Abstract
Recombinant adeno-associated viral (rAAV) vectors can be used to introduce neurotrophic genes into injured CNS neurons, promoting survival and axonal regeneration. Gene therapy holds much promise for the treatment of neurotrauma and neurodegenerative diseases; however, neurotrophic factors are known to alter dendritic architecture, and thus we set out to determine whether such transgenes also change the morphology of transduced neurons. We compared changes in dendritic morphology of regenerating adult rat retinal ganglion cells (RGCs) after long-term transduction with rAAV2 encoding: (i) green fluorescent protein (GFP), or (ii) bi-cistronic vectors encoding GFP and ciliary neurotrophic factor (CNTF), brain-derived neurotrophic factor (BDNF) or growth-associated protein-43 (GAP43). To enhance regeneration, rats received an autologous peripheral nerve graft onto the cut optic nerve of each rAAV2 injected eye. After 5–8 months, RGCs with regenerated axons were retrogradely labeled with fluorogold (FG). Live retinal wholemounts were prepared and GFP positive (transduced) or GFP negative (non-transduced) RGCs injected iontophoretically with 2% lucifer yellow. Dendritic morphology was analyzed using Neurolucida software. Significant changes in dendritic architecture were found, in both transduced and non-transduced populations. Multivariate analysis revealed that transgenic BDNF increased dendritic field area whereas GAP43 increased dendritic complexity. CNTF decreased complexity but only in a subset of RGCs. Sholl analysis showed changes in dendritic branching in rAAV2-BDNF-GFP and rAAV2-CNTF-GFP groups and the proportion of FG positive RGCs with aberrant morphology tripled in these groups compared to controls. RGCs in all transgene groups displayed abnormal stratification. Thus in addition to promoting cell survival and axonal regeneration, vector-mediated expression of neurotrophic factors has measurable, gene-specific effects on the morphology of injured adult neurons.
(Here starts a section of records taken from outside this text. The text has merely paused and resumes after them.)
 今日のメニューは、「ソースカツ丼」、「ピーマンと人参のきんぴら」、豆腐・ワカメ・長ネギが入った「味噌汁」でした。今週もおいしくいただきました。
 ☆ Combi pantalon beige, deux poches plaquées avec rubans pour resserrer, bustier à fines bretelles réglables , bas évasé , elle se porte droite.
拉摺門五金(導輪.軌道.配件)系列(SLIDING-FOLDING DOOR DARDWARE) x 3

Such changes will likely alter the functional properties of neurons and may need to be considered when designing vector-based protocols for the treatment of neurotrauma and neurodegeneration.
Highlights
Replication-deficient viral vectors such as recombinant adenoassociated virus are increasingly being used to introduce ‘therapeutic’ genes into neural cells, a method that allows targeted supply of neuroprotective and/or growth-promoting molecules to the injured or degenerating CNS [1,2,3,4,5]
Grafts were identified and photographed under UV light (Fig. 1A, G) and at 488 nm to determine whether the retinal ganglion cells (RGCs) were transduced (GFP+) or non-transduced (GFP2; Fig. 1B, K, L)
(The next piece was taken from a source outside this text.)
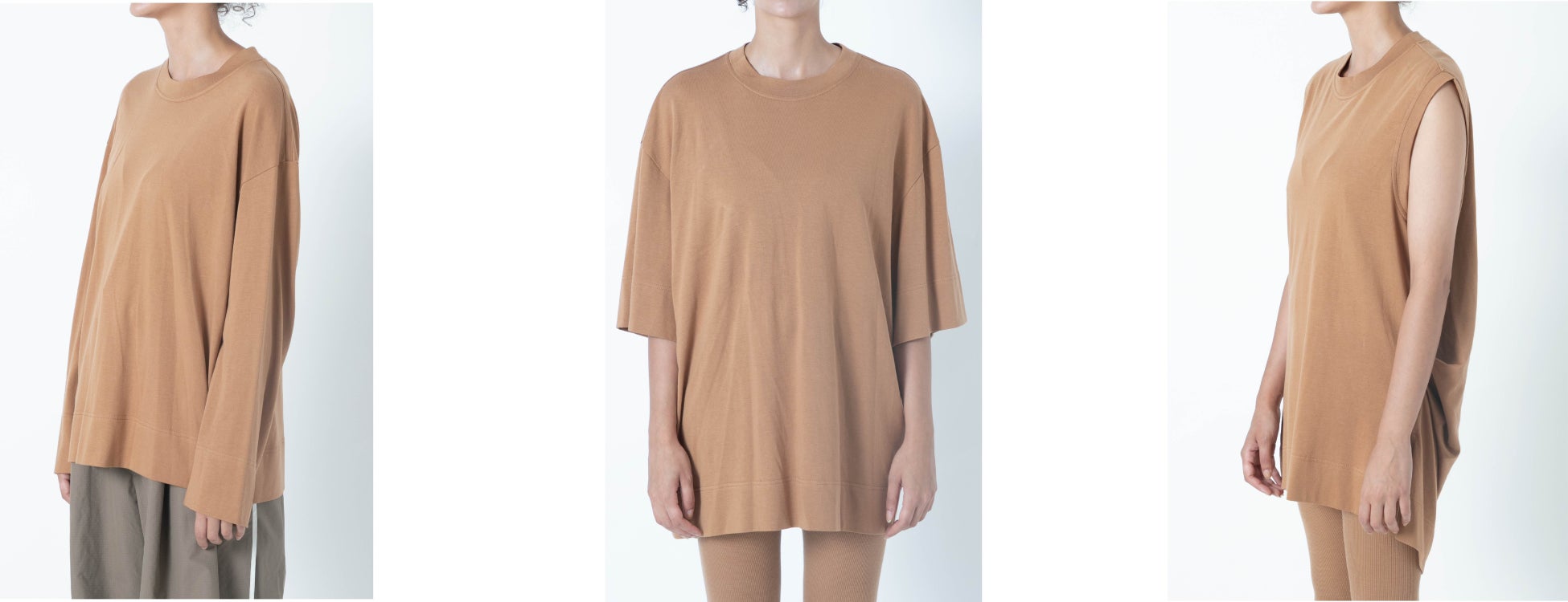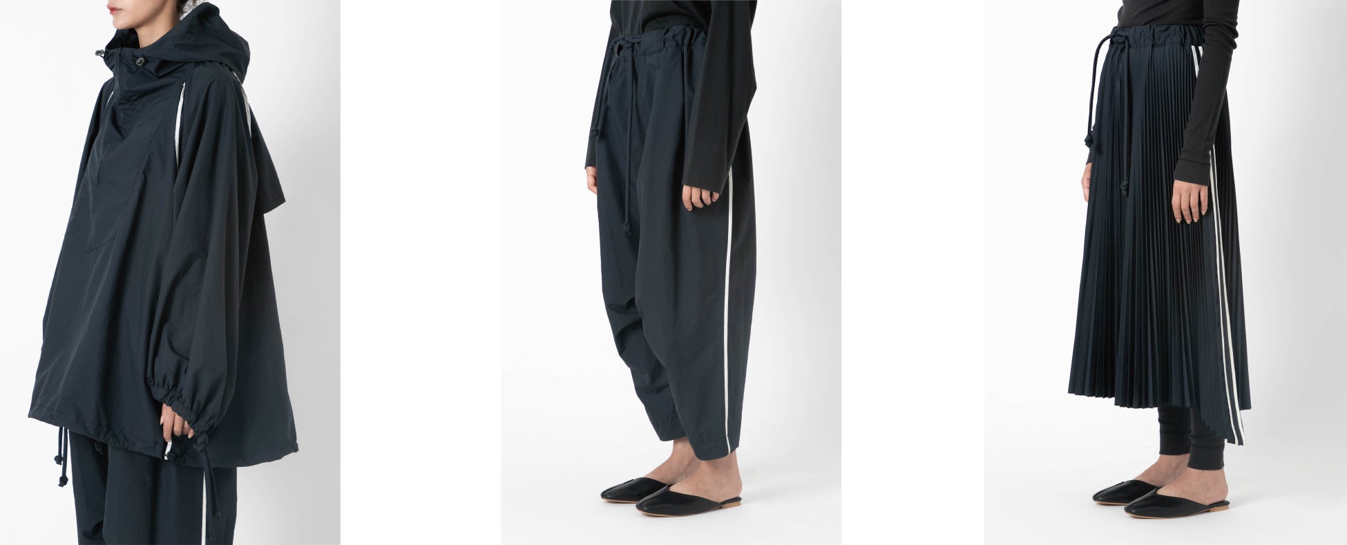 左から順に)Hoodei Tops (FW22)/¥35.200(Tax In), Easy Tucked Pants (FW22)/¥28.600(Tax In), Pleated SK (FW22)/¥33.000(Tax In)

Throughout the text for each of the 4 vectors used in this study we will denote transduced and nontransduced FG+ RGCs as green fluorescent protein (GFP)/ntGFP, brain-derived neurotrophic factor (BDNF)/ntBDNF, ciliary neurotrophic factor (CNTF)/ntCNTF or growth-associated protein-43 (GAP43)/ntGAP43 respectively
Summary
Replication-deficient viral vectors such as recombinant adenoassociated virus (rAAV) are increasingly being used to introduce ‘therapeutic’ genes into neural cells, a method that allows targeted supply of neuroprotective and/or growth-promoting molecules to the injured or degenerating CNS [1,2,3,4,5]. Vitreal injection of rAAV serotype 2 (rAAV2) or other viral vectors encoding growth factors increases retinal ganglion cell (RGC) survival and axonal regeneration after optic nerve (ON) injury [6,7,8,9]. What is not yet clear is the extent to which longterm constitutive expression of transgenes changes the structure and function of transduced neurons. This is especially relevant when using genes that encode, for example, secretable neurotrophic factors because these peptides are known to alter dendritic architecture, synaptic density and plasticity, cause down-regulation of cognate receptors and modulate activity of signaling molecules [15,16,17,18,19]. Persistent over-expression of some transgenes may alter local circuitry and neuronal responsiveness to endogenous neuroactive factors [1,20,21]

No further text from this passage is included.